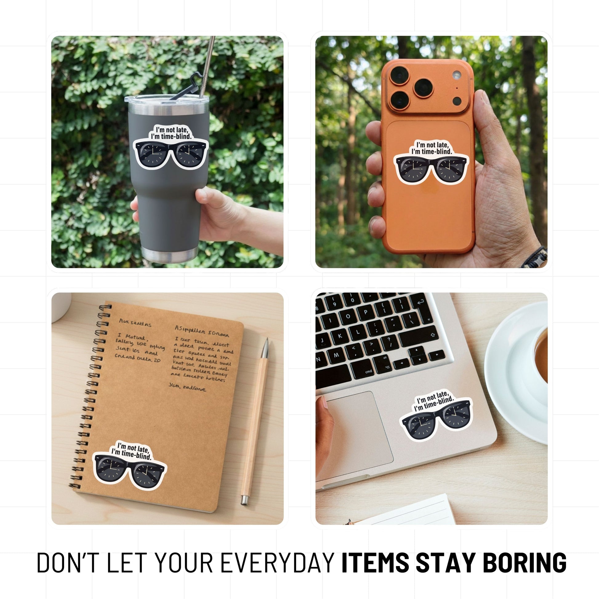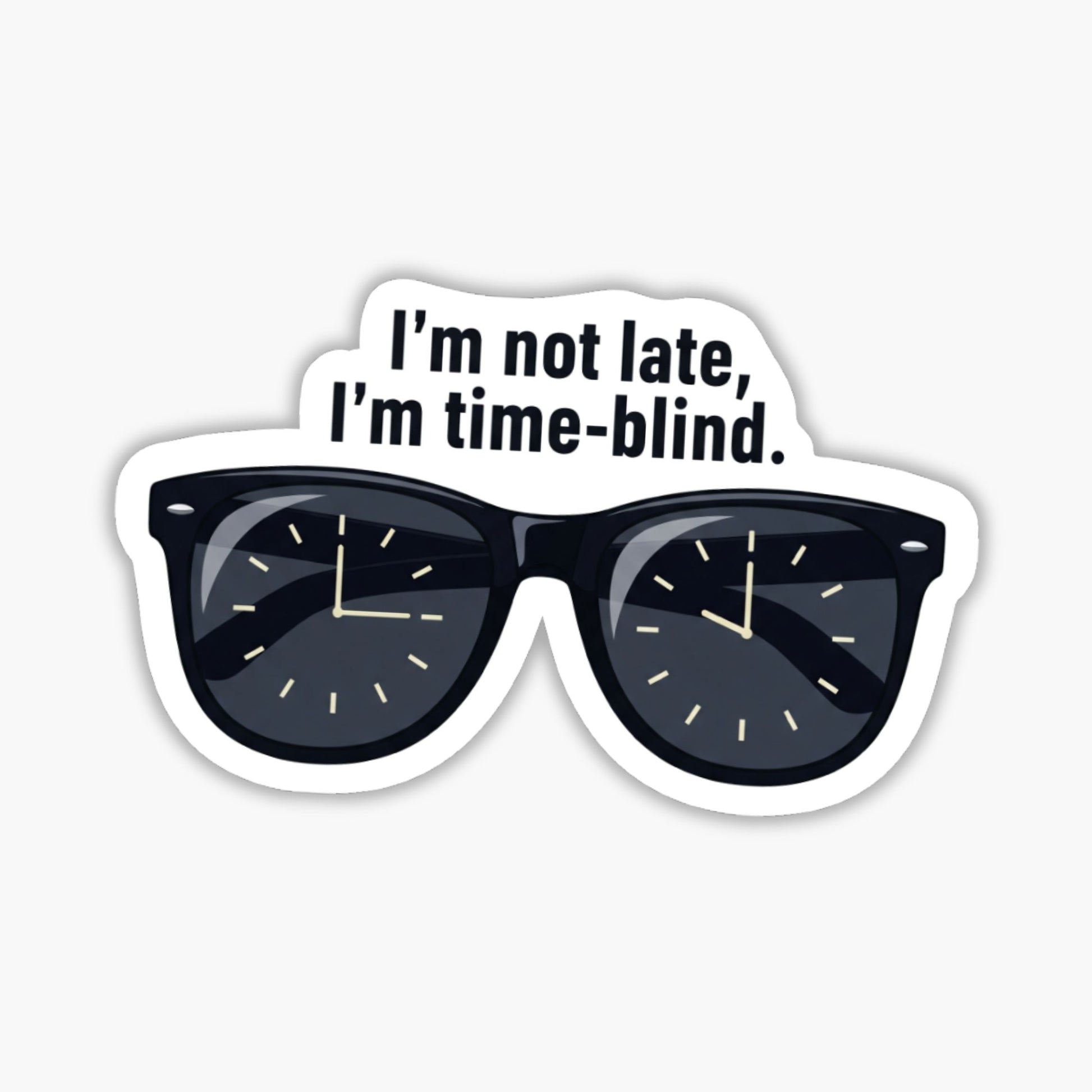 Embrace your brain's unique rhythm with our "I’m not late, I’m time-blind" sticker. Featuring a pair of cool retro sunglasses reflecting numberless clock faces, this design perfectly captures the reality of executive dysfunction with a touch of neurospicy confidence.
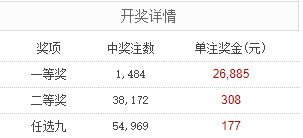 北京时间9月6日,足彩25126期开奖。本期一等奖中出1484注,每注奖金26,885元;二等奖中出38172注,每注奖金308元。另外,任选9场中出54969注,每注奖金177元。
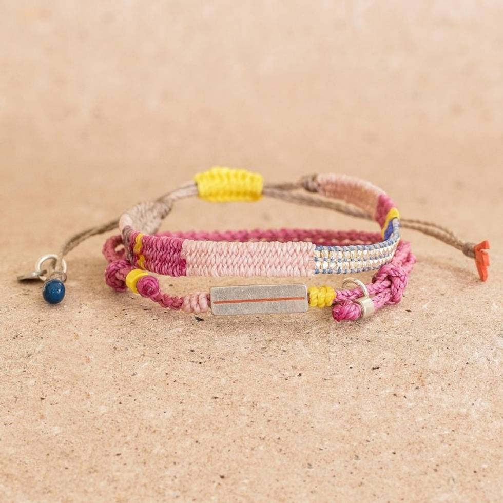 Set of 2 Handcrafted Wristband Bracelets in Pink Hues 'Pink Bond' Item ID: 2671772184
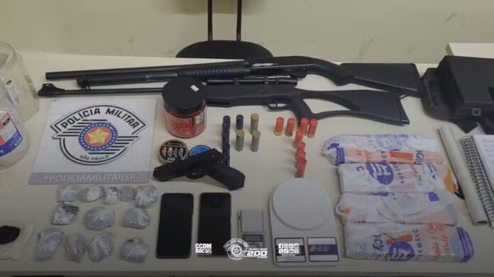 Em um dos endereços, na represa, os agentes localizaram a mulher e o filho do casal. No imóvel, foram encontrados quatro tijolos de maconha armazenados dentro de uma geladeira. Durante a busca domiciliar, também foram apreendidos uma arma longa calibre .12, uma espingarda, um simulacro de pistola, munições, uma balança de precisão e anotações relacionadas ao tráfico.
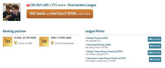 ดูเหมือนว่าสถิติโลกเดียวไม่อาจตอบสนองความสำเร็จได้ John Lam จึงได้ทำสถิติโลกอื่นเพิ่มมากขึ้น ด้วยซีพียูและเมนบอร์ดเดียวกัน ก็สร้างประวัติศาสตร์ใหม่ด้วยการทำคะแนน 1601 marks จาก Intel XTU และกลายเป็นนิยามใหม่ในการโอเวอร์คล็อกซีพียูของโลก
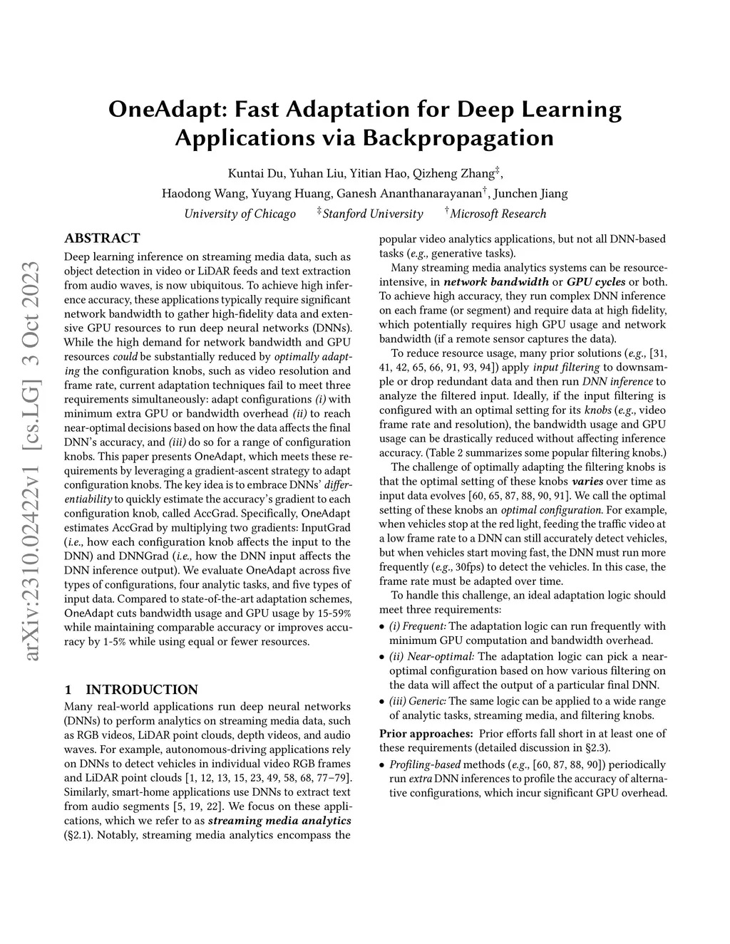 Deep learning inference on streaming media data, such as object detection in video or LiDAR feeds and text extraction from audio waves, is now ubiquitous. To achieve high inference accuracy, these applications typically require significant network bandwidth to gather high-fidelity data and extensive GPU resources to run deep neural networks (DNNs). While the high demand for network bandwidth and GPU resources could be substantially reduced by optimally adapting the configuration knobs, such as video resolution and frame rate, current adaptation techniques fail to meet three requirements simultaneously: adapt configurations (i) with minimum extra GPU or bandwidth overhead; (ii) to reach near-optimal decisions based on how the data affects the final DNN's accuracy, and (iii) do so for a range of configuration knobs. This paper presents OneAdapt, which meets these requirements by leveraging a gradient-ascent strategy to adapt configuration knobs. The key idea is to embrace DNNs' differentiability to quickly estimate the accuracy's gradient to each configuration knob, called AccGrad. Specifically, OneAdapt estimates AccGrad by multiplying two gradients: InputGrad (i.e. how each configuration knob affects the input to the DNN) and DNNGrad (i.e. how the DNN input affects the DNN inference output). We evaluate OneAdapt across five types of configurations, four analytic tasks, and five types of input data. Compared to state-of-the-art adaptation schemes, OneAdapt cuts bandwidth usage and GPU usage by 15-59% while maintaining comparable accuracy or improves accuracy by 1-5% while using equal or fewer resources.

## Your goal
Would you output the data exactly, without any of its images?

## Problem solution
 Embrace your brain's unique rhythm with our "I’m not late, I’m time-blind" sticker. Featuring a pair of cool retro sunglasses reflecting numberless clock faces, this design perfectly captures the reality of executive dysfunction with a touch of neurospicy confidence.
 北京时间9月6日,足彩25126期开奖。本期一等奖中出1484注,每注奖金26,885元;二等奖中出38172注,每注奖金308元。另外,任选9场中出54969注,每注奖金177元。
 Set of 2 Handcrafted Wristband Bracelets in Pink Hues 'Pink Bond' Item ID: 2671772184
 Em um dos endereços, na represa, os agentes localizaram a mulher e o filho do casal. No imóvel, foram encontrados quatro tijolos de maconha armazenados dentro de uma geladeira. Durante a busca domiciliar, também foram apreendidos uma arma longa calibre .12, uma espingarda, um simulacro de pistola, munições, uma balança de precisão e anotações relacionadas ao tráfico.
 ดูเหมือนว่าสถิติโลกเดียวไม่อาจตอบสนองความสำเร็จได้ John Lam จึงได้ทำสถิติโลกอื่นเพิ่มมากขึ้น ด้วยซีพียูและเมนบอร์ดเดียวกัน ก็สร้างประวัติศาสตร์ใหม่ด้วยการทำคะแนน 1601 marks จาก Intel XTU และกลายเป็นนิยามใหม่ในการโอเวอร์คล็อกซีพียูของโลก
 Deep learning inference on streaming media data, such as object detection in video or LiDAR feeds and text extraction from audio waves, is now ubiquitous. To achieve high inference accuracy, these applications typically require significant network bandwidth to gather high-fidelity data and extensive GPU resources to run deep neural networks (DNNs). While the high demand for network bandwidth and GPU resources could be substantially reduced by optimally adapting the configuration knobs, such as video resolution and frame rate, current adaptation techniques fail to meet three requirements simultaneously: adapt configurations (i) with minimum extra GPU or bandwidth overhead; (ii) to reach near-optimal decisions based on how the data affects the final DNN's accuracy, and (iii) do so for a range of configuration knobs. This paper presents OneAdapt, which meets these requirements by leveraging a gradient-ascent strategy to adapt configuration knobs. The key idea is to embrace DNNs' differentiability to quickly estimate the accuracy's gradient to each configuration knob, called AccGrad. Specifically, OneAdapt estimates AccGrad by multiplying two gradients: InputGrad (i.e. how each configuration knob affects the input to the DNN) and DNNGrad (i.e. how the DNN input affects the DNN inference output). We evaluate OneAdapt across five types of configurations, four analytic tasks, and five types of input data. Compared to state-of-the-art adaptation schemes, OneAdapt cuts bandwidth usage and GPU usage by 15-59% while maintaining comparable accuracy or improves accuracy by 1-5% while using equal or fewer resources.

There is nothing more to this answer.